In 2023, a team from Zhejiang University developed LiBH₄-based composites containing a polymer capping layer. This composite inhibits lithium dendrite growth over a wide temperature range of -30~150°C while maintaining high ionic conductivity (>10⁻⁴ S/cm at 25℃) for extreme environment batteries [10].

In 2024, Qingbo Zhang et al. used V₂C MXene-loaded LiBH₄-Mg(BH₄)₂ composites to achieve 8.1 wt% of hydrogen storage and 5 wt% of reversible capacity at 350°C, with a 30% reduction in activation energy, and the VH₂.01 material as a “hydrogen pump” for improved cycle stability [11].

5. Challenges and developments

To address the above bottlenecks, future research can focus on four directions: material design, interface engineering, process optimization, and multi-scale simulation. Material design can be devoted to the development of novel borohydrides with intrinsic wide temperature domain stability, e.g., by introducing rare earth elements or neutral ligands. Modulation of borohydride lattice distortion and enhancement of structural thermal stability by rare earth elements (e.g., La, Ce) doping; Dynamic coordination of neutral ligands (crown ethers, ionic liquids) allows the construction of self-repairing hydrogen bonding networks but requires a balance between coordination strength and ion transport efficiency.

Constructing adaptive interfacial layers by interfacial engineering to inhibit the occurrence of side reactions. For example, the design of biomimetic CEI draws on the principle of biomineralization to construct a gradient interface layer, which can dynamically adjust the components with the electrochemical environment to achieve the in-situ passivation of side-reaction products.

In terms of process optimization, low-temperature synthesis and scale-up preparation technologies can be actively explored. On the one hand, the mechanical energy of the ball milling process is utilized to induce the generation of substable phases. As described in the patent by Ouyang Liuzhang et al. of South China University of Technology, sodium borohydride can be synthesized at room temperature by mechanical ball milling, but large-scale production needs to solve the problem of particle agglomeration[12]. On the other hand, the low-temperature solvothermal method can enhance the electrode-electrolyte interface compatibility by modulating the nucleation kinetics to construct a porous structure.

In addition, multi-scale simulations can be used to combine DFT calculations with machine learning methods to predict material properties and accelerate the screening of optimal components.

6. Conclusion

From the point of view of borohydride's own performance, although some borohydrides exhibit high lithium ion conductivity at room temperature, their performance is highly dependent on temperature, and it is usually necessary to improve the low-temperature performance with the help of heat treatment or nanocomposites.
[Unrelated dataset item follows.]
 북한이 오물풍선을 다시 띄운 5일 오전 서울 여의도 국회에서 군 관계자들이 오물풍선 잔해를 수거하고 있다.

In addition, some borohydrides are prone to phase change or decomposition at elevated temperatures, which greatly limits their application over a wide temperature range.
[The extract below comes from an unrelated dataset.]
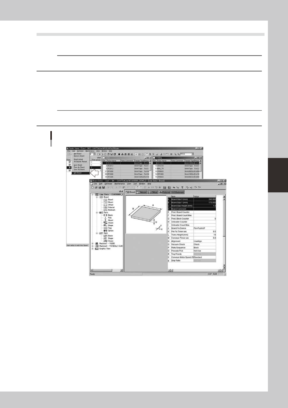 board data on Board Editor. The edited board data will be reflected on the Feeder Viewer.

The production of borohydride materials typically requires sophisticated synthetic approaches, including high-energy ball milling and high-temperature sintering processes. Although strategies such as nano-restricted domains and doping can optimize material properties, there are greater difficulties in accurately controlling the microstructure of materials during large-scale production, resulting in poor product batch consistency.
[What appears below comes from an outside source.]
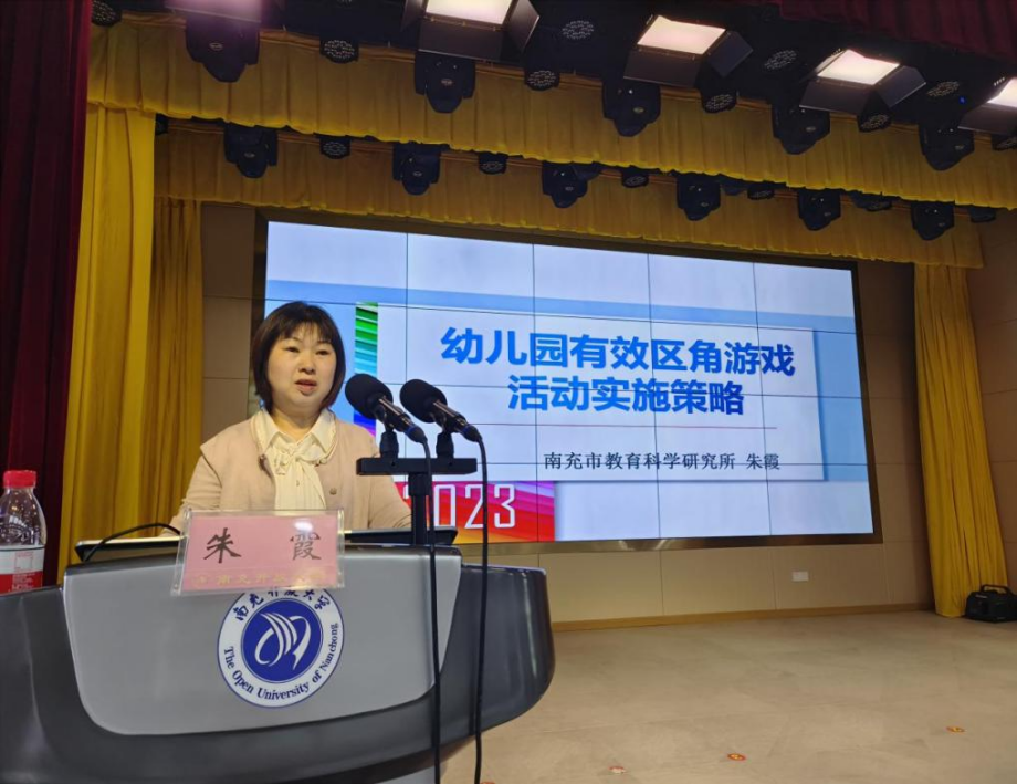 下午,南充市教育科學(xué)研究所辦公室主任、學(xué)前教育教研員朱霞以《幼兒園有效區(qū)角游戲活動實施策略》為題,為學(xué)員帶來又一場知識盛宴。朱主任針對區(qū)角游戲環(huán)境的創(chuàng)設(shè)、區(qū)角游戲材料的選擇和投放、區(qū)角游戲材料的調(diào)整和變更、區(qū)角游戲中教師的科學(xué)指導(dǎo)逐一作了具體的闡釋,并結(jié)合大量案例深入淺出地詮釋了區(qū)角游戲應(yīng)遵循的七大原則。學(xué)員們深切地認識到區(qū)角游戲是發(fā)展幼兒多種能力和自主學(xué)習(xí)的重要途徑,是以“兒童發(fā)展為本”的理念呼吁下運用而生的學(xué)習(xí)活動。

Overall, the research on borohydride-based solid-state batteries is still in its infancy, and its core principles are not yet fully understood. In key areas such as interfacial behavior, electrochemical stability, battery composition, and structure, the academic community's knowledge is still limited, and further in-depth exploration is urgently needed. In addition, borohydride solid-state electrolytes need to find a balance between material intrinsic properties, interfacial stability, and process economics in the commercialization process. Advances in relevant disciplines will significantly accelerate the commercialization of all-solid-state battery technologies.